(Collection entries)

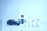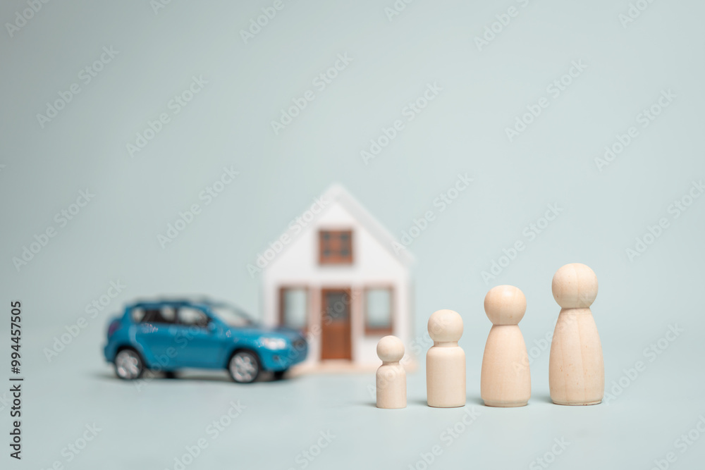 financial, finance, investment, income, broker, deal, estate, insurance, mortgage, plan. A blue car is parked in front of a white house. A family of four is standing in front of the house.
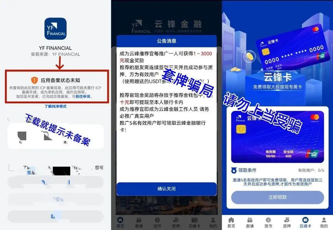 打着国家政策、乡村振兴、实体产业的旗号,谎称与国企、知名企业合作,伪造各种“高大上”背书;APP从不上架正规应用商店,仅通过私下二维码、链接传播,刻意规避监管;跑路前还会发布虚假整改、系统升级公告,拖延时间安抚投资者。
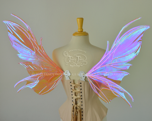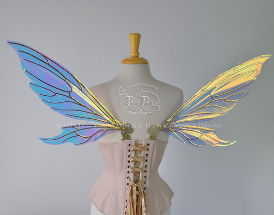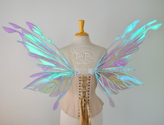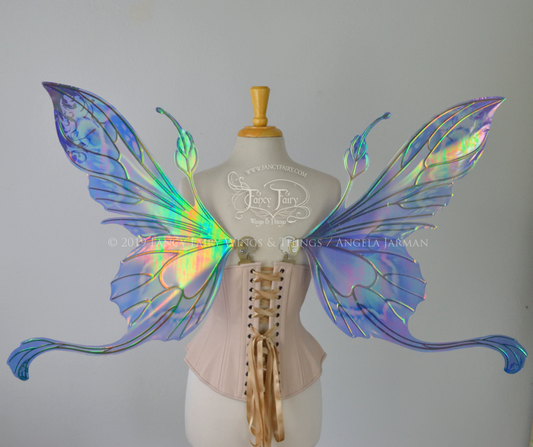 Hand made Iridescent fairy wings with convertible & poseable wing panels, with a vein framework cut from aluminum sheet that's been powder coated & laminated with shimmering iridescent vinyl
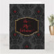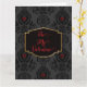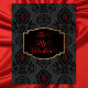 Um elegante e sofisticado design gótico antiquado vitoriano em damasco, com um coração gótico em filigrana vermelha. Um rótulo ornamentado com bordas douradas envolve a mensagem "Seja Meu Namorado" em carmesim.
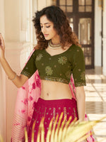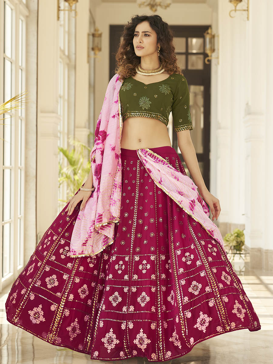 Myra Deep Pink & Olive Green Pink Georgette Embroidered Designer Lehenga - Distacart
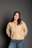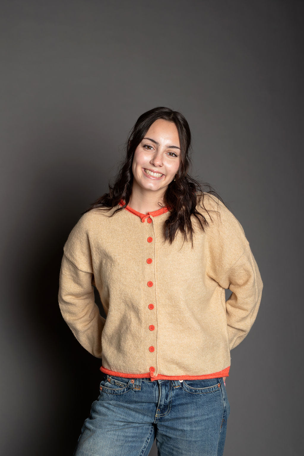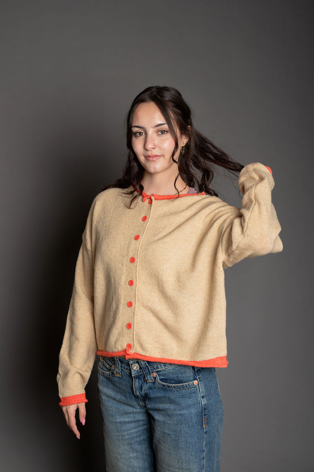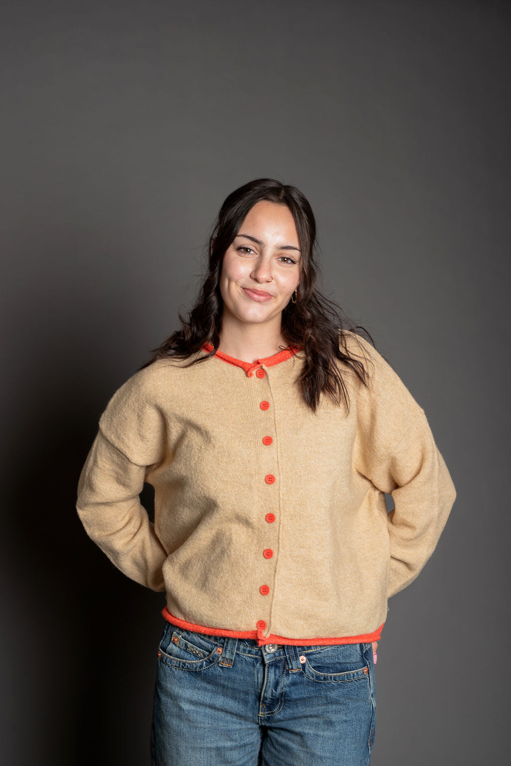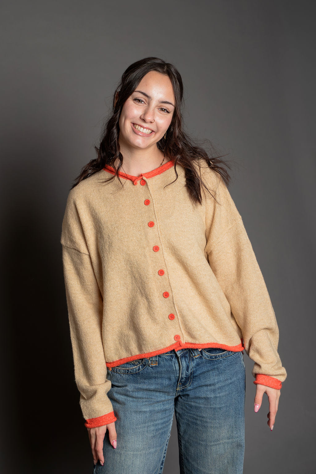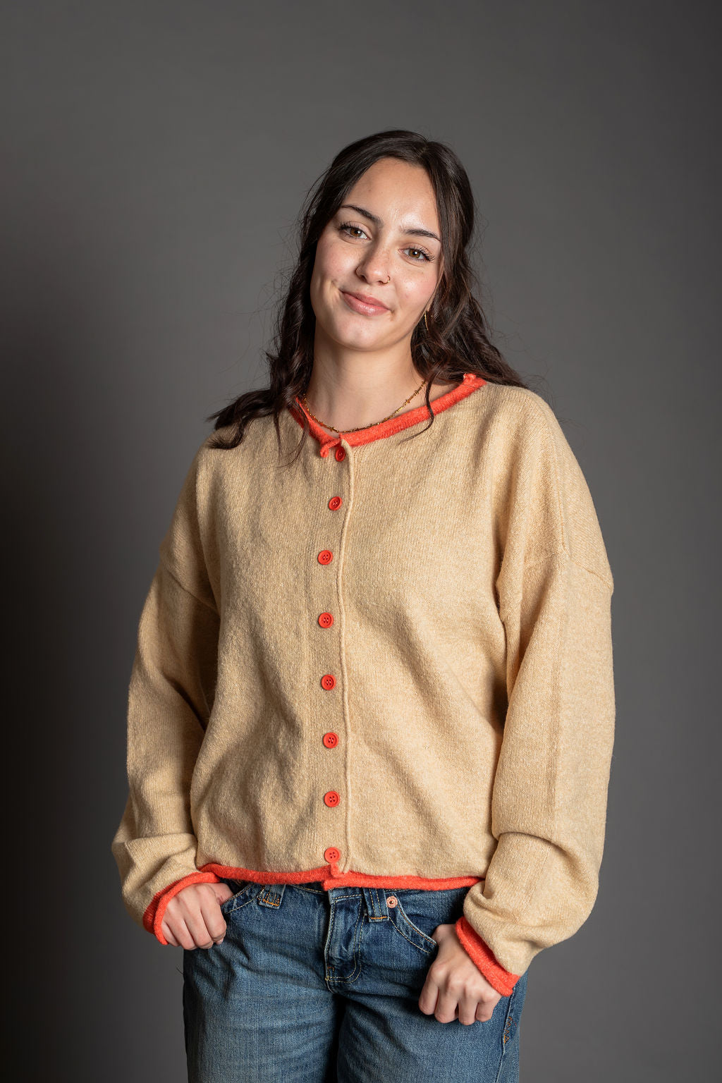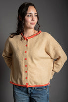 The Darcie Cardigan combines comfort and style with its soft knit blend of polyester and acrylic. This crew neck pullover features long sleeves and a classic cardigan silhouette, elevated by red contrast edging that adds visual interest. Perfect for layering over your favorite tee or wearing solo.

Activity
Repeat the records word for word. Any picture in them should be left out.

Task answer
 financial, finance, investment, income, broker, deal, estate, insurance, mortgage, plan. A blue car is parked in front of a white house. A family of four is standing in front of the house.
 打着国家政策、乡村振兴、实体产业的旗号,谎称与国企、知名企业合作,伪造各种“高大上”背书;APP从不上架正规应用商店,仅通过私下二维码、链接传播,刻意规避监管;跑路前还会发布虚假整改、系统升级公告,拖延时间安抚投资者。
 Hand made Iridescent fairy wings with convertible & poseable wing panels, with a vein framework cut from aluminum sheet that's been powder coated & laminated with shimmering iridescent vinyl
 Um elegante e sofisticado design gótico antiquado vitoriano em damasco, com um coração gótico em filigrana vermelha. Um rótulo ornamentado com bordas douradas envolve a mensagem "Seja Meu Namorado" em carmesim.
 Myra Deep Pink & Olive Green Pink Georgette Embroidered Designer Lehenga - Distacart
 The Darcie Cardigan combines comfort and style with its soft knit blend of polyester and acrylic. This crew neck pullover features long sleeves and a classic cardigan silhouette, elevated by red contrast edging that adds visual interest. Perfect for layering over your favorite tee or wearing solo.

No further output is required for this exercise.